SUARAMALANG.COM, Jakarta – Pemerintah Provinsi DKI Jakarta harus melakukan penyesuaian besar terhadap struktur keuangannya setelah Kementerian Keuangan memangkas Dana Bagi Hasil (DBH) untuk tahun anggaran 2026. Total pemangkasan mencapai hampir Rp15 triliun, membuat nilai Anggaran Pendapatan dan Belanja Daerah (APBD) Jakarta turun signifikan dari Rp95 triliun menjadi sekitar Rp79 triliun.
Pemangkasan ini dilakukan seiring kebijakan fiskal nasional yang sedang diperketat akibat tekanan terhadap pendapatan negara. Menteri Keuangan Purbaya Yudhi Sadewa menjelaskan, langkah tersebut diambil karena adanya keterbatasan pada sisi fiskal pemerintah pusat. Meski demikian, ia memastikan pemangkasan tersebut bersifat sementara dan dapat dievaluasi kembali pertengahan tahun depan.

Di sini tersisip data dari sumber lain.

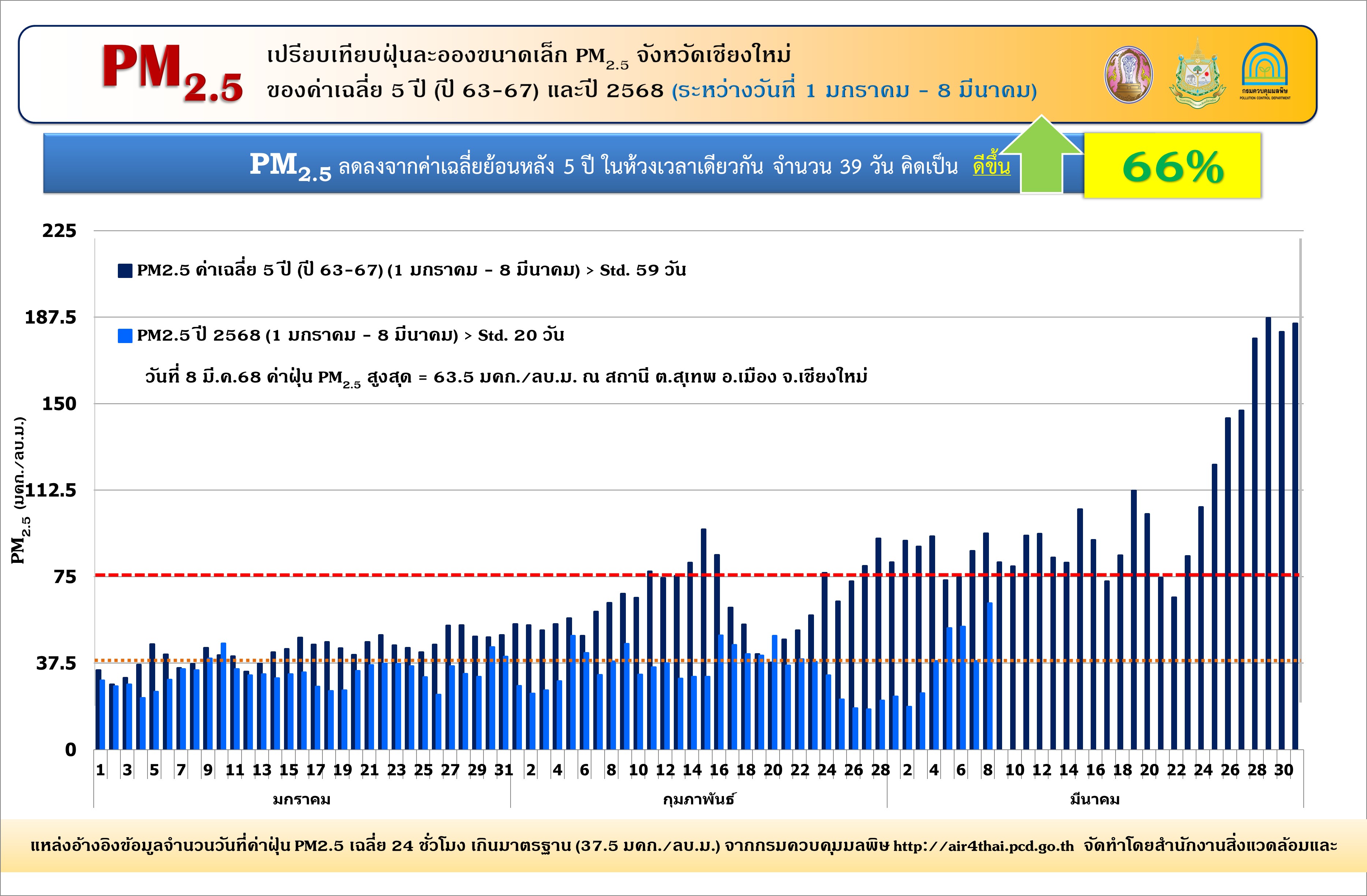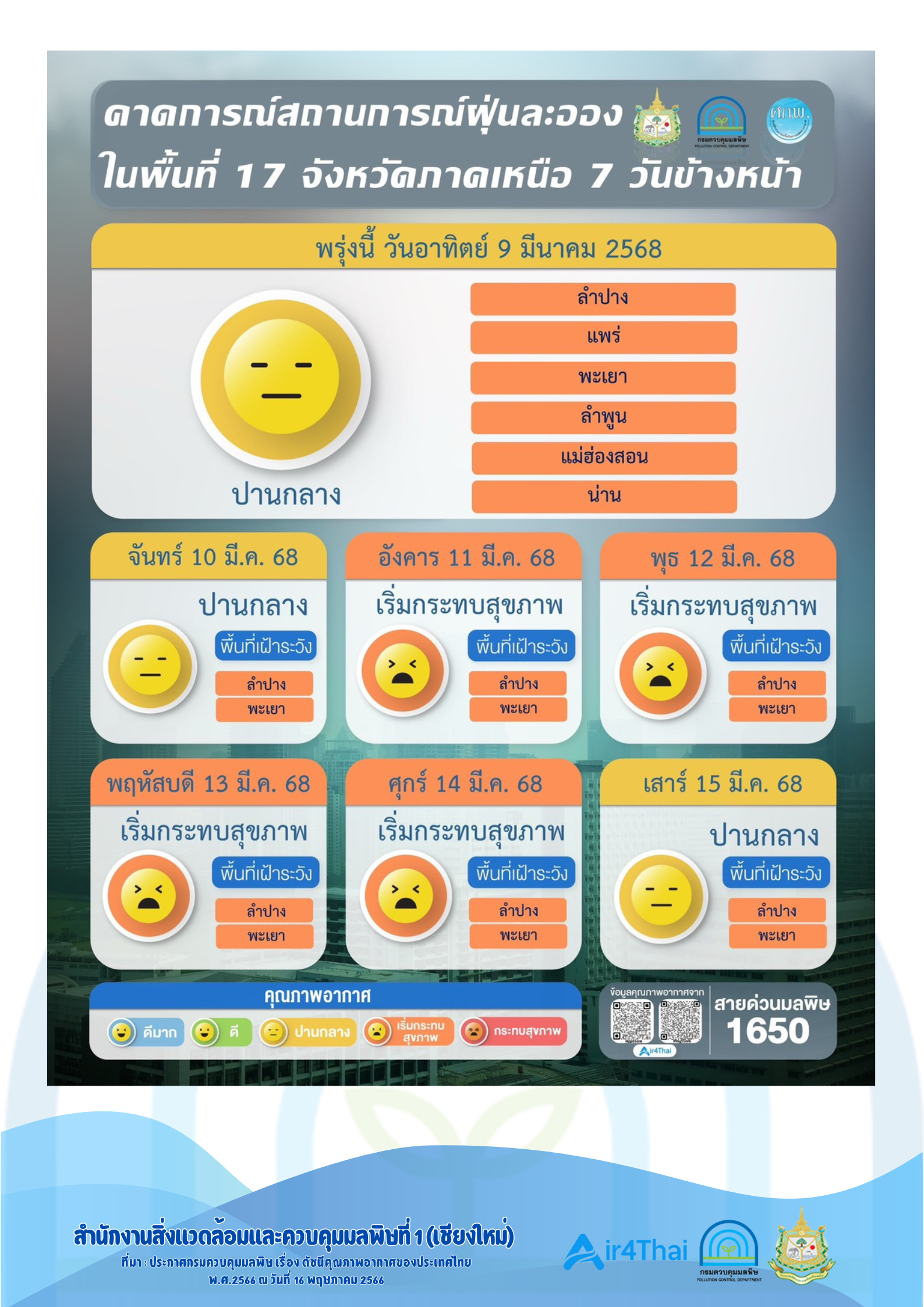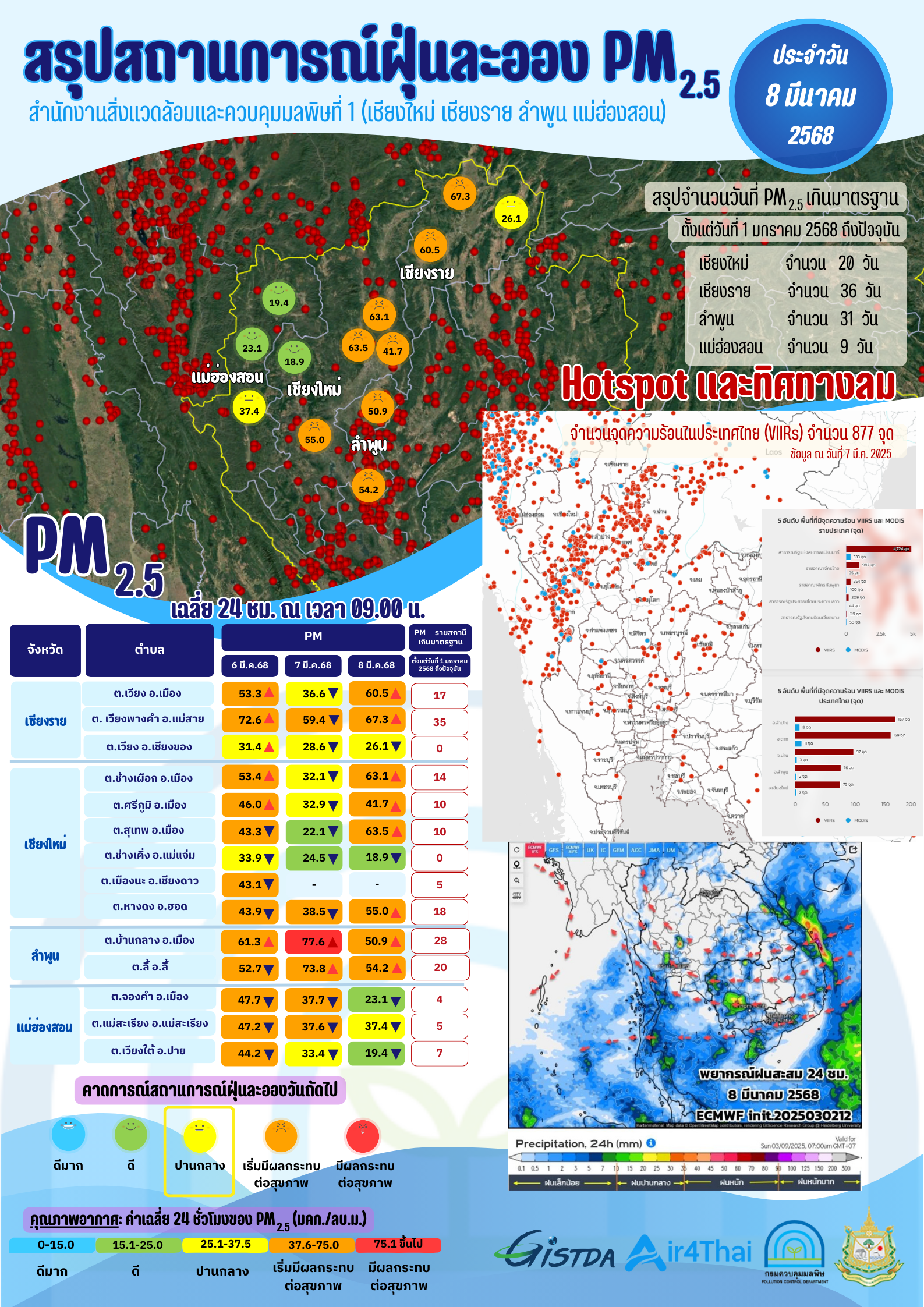 📢 สรุปสถานการณ์ฝุ่น PM2.5 ประจำวันที่ 8 มีนาคม 2568 ในพื้นที่รับผิดชอบของสำนักงานสิ่งแวดล้อมและควบคุมมลพิษที่ 1 (เชียงใหม่ เชียงราย ลำพูน แม่ฮ่องสอน)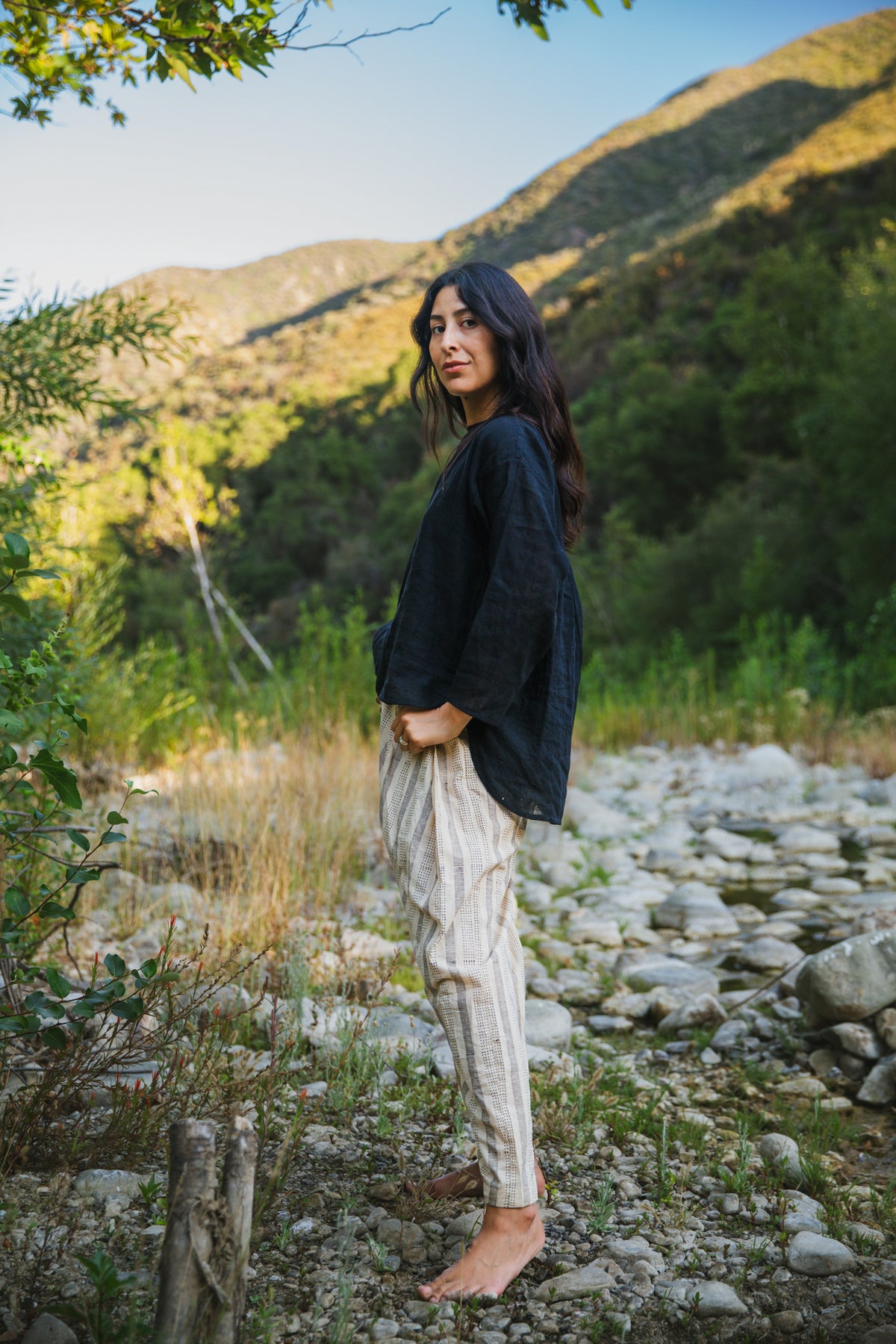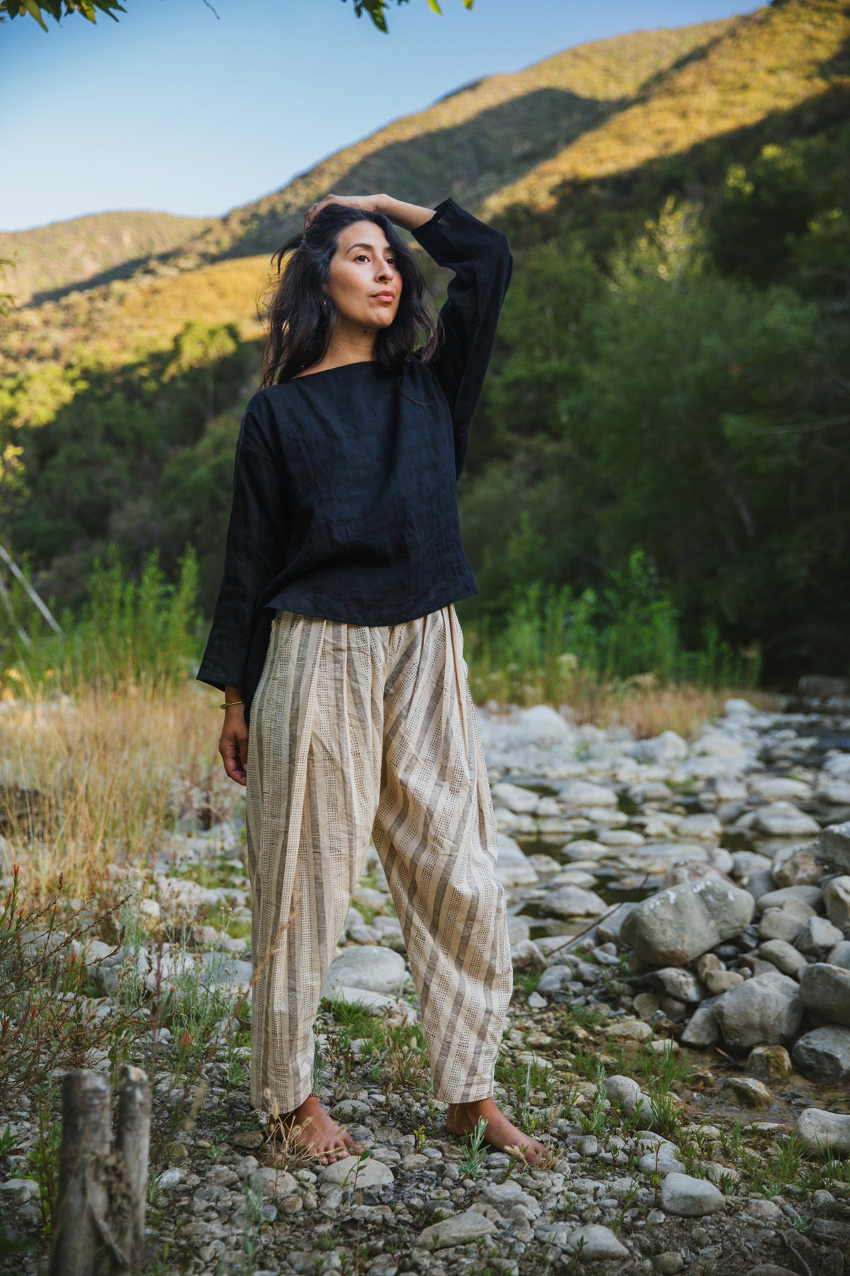 Their silhouettes—relaxed, modern, quietly poetic—carry a language of ease and intention. Natural dyes, azo-free pigments, and slow-woven textiles result in garments that feel honest: soft on the skin, kind to the earth, and deeply respectful of the communities who create them. Each piece is cut and stitched only when ordered, honouring the principle that beauty need not come at the cost of excess.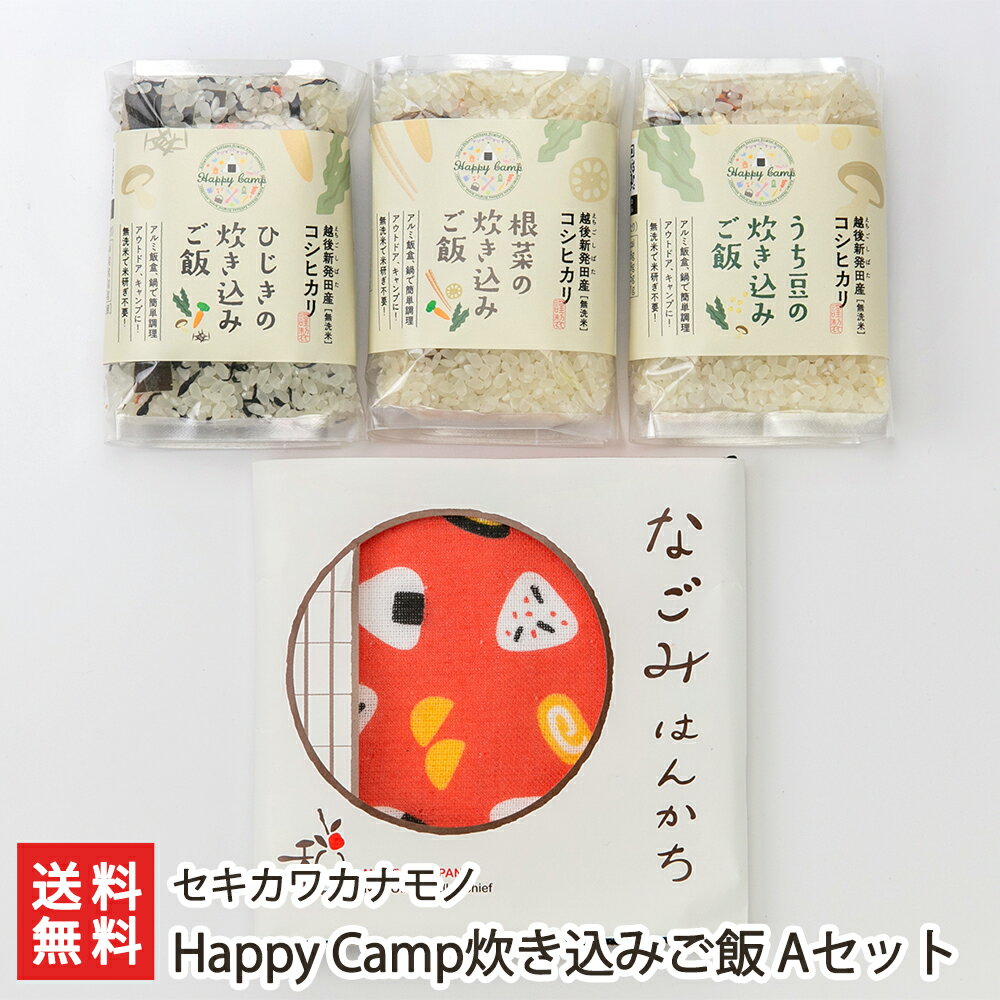 Happy Camp炊き込みご飯 Aセット ハンカチ付き(ひじきの炊き込みご飯、根菜の炊き込みご飯、打ち豆の炊き込みご飯各1袋、ハンカチ付き)セキカワカナモノ 新潟県産 コシヒカリ アウトドア キャンプ 新潟県 生産者直送 お取り寄せ ギフト プレゼント 贈り物 送料無料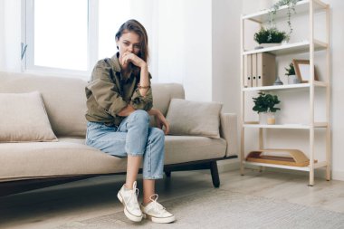 Üzgün ve Endişeli Kadın Bir Koltukta Otururken Evde Umutsuzluk ve Ruh Sağlığı Krizi İfade Ediyor
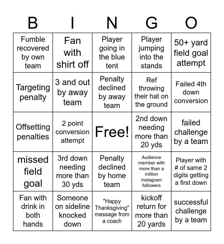 This bingo card has a free space and 41 words: 3 and out by home team, Offsetting penalties, 2 penalties by same team on same play, 3 and out by away team, Someone on sideline knocked down, Penalty declined by home team, Penalty declined by away team, 40 or more yard gain, 50+ yard field goal attempt, missed field goal, 2 point conversion attempt, Player jumping into the stands, successful challenge by a team, failed challenge by a team, 2nd down needing more than 20 yds, 3rd down needing more than 30 yds, Fumble lost to other team, Fumble recovered by own team, 2 fans that have painted faces in one shot, Player going in the blue tent, Player with # of same 2 digits getting a first down, "Happy Thanksgiving" message from a QB, "Happy Thanksgiving" message from a coach, Ref throwing their hat on the ground, Punt Return for more than 25 yards, Offensive scoring drive that takes 4 plays or fewer, kickoff return for more than 20 yards, A caught fair catch, Failed 4th down conversion, Offensive snap not to QB, Successful 4th down conversion, Fan with shirt off, Fan with drink in both hands, One handed catch, Audience member with more than a million instagram followers, Targeting penalty, Roughing the passer penalty, Gain = 13 yrds, Penalty on a player with number divisible by 9, Helmet coming off on the field and Punt that lands out of bounds.

“Pertengahan triwulan kedua tahun 2026, saya akan evaluasi pendapatan saya seperti apa. Nanti kalau perkiraannya lebih, saya akan balikan lagi ke daerah,” kata Purbaya di Kantor Gubernur DKI Jakarta, Selasa (7/10/2025).
Purbaya juga mengapresiasi sikap Gubernur DKI Jakarta Pramono Anung yang tidak menunjukkan resistensi terhadap kebijakan tersebut. “Saya berterima kasih kepada Gubernur DKI Jakarta. Beliau tidak banyak protes ketika DBH-nya dipotong banyak, nyaris Rp20 triliun,” ujar Purbaya sembari menyiratkan bahwa ruang fiskal Jakarta dinilai masih cukup untuk melakukan efisiensi tambahan.
Di sisi lain, Gubernur Pramono menegaskan bahwa Pemerintah Provinsi DKI Jakarta akan mengikuti kebijakan pusat dan menyesuaikan program kerja dengan kondisi fiskal yang baru. Ia menilai keputusan pemerintah pusat telah diperhitungkan secara matang.
“Pemerintah Jakarta sama sekali tidak argue terhadap itu. Kami akan mengikuti dan menyesuaikan karena kami tahu pasti langkah yang diambil pemerintah pusat sudah dipikirkan secara matang, termasuk penyesuaian untuk Dana Bagi Hasil,” ujar Pramono.
Namun, untuk menambal kekurangan akibat pemangkasan DBH tersebut, Pramono menyiapkan strategi pembiayaan alternatif melalui mekanisme creative financing. Salah satu opsi yang sedang dikaji adalah pembentukan Jakarta Collaboration Fund dan penerbitan obligasi daerah. Skema ini diharapkan dapat menjaga keberlanjutan proyek-proyek strategis ibu kota yang sudah direncanakan dalam RPJMD.
“Maka kami meminta izin kepada Kementerian Keuangan untuk menyetujui Jakarta melakukan creative financing, di antaranya melalui Jakarta Collaboration Fund atau obligasi daerah, yang memang belum ada,” jelasnya.
Penerbitan obligasi daerah bukanlah hal baru dalam kebijakan fiskal, namun hingga kini belum ada pemerintah daerah di Indonesia yang mengimplementasikannya secara aktif. Berdasarkan ketentuan PP No. 56 Tahun 2018 tentang Pinjaman Daerah serta Permendagri No. 111 Tahun 2022, pemerintah daerah diperbolehkan menerbitkan obligasi daerah dengan persetujuan Kementerian Keuangan, khususnya untuk membiayai proyek infrastruktur strategis yang produktif.
Langkah ini bisa menjadi momentum penting bagi Jakarta untuk menunjukkan kemandirian fiskal di tengah pengetatan anggaran nasional. Di sisi lain, kebijakan ini juga akan menjadi ujian bagi koordinasi antara pusat dan daerah dalam menjaga stabilitas fiskal tanpa mengorbankan pembangunan.
Dengan pemangkasan Rp15 triliun, Pemerintah Provinsi DKI Jakarta kini ditantang untuk menata ulang prioritas anggaran dan memaksimalkan inovasi pembiayaan. Di tengah tekanan fiskal nasional, keputusan untuk membuka jalur pembiayaan baru melalui obligasi daerah bisa menjadi terobosan yang menandai babak baru pengelolaan keuangan daerah di ibu kota.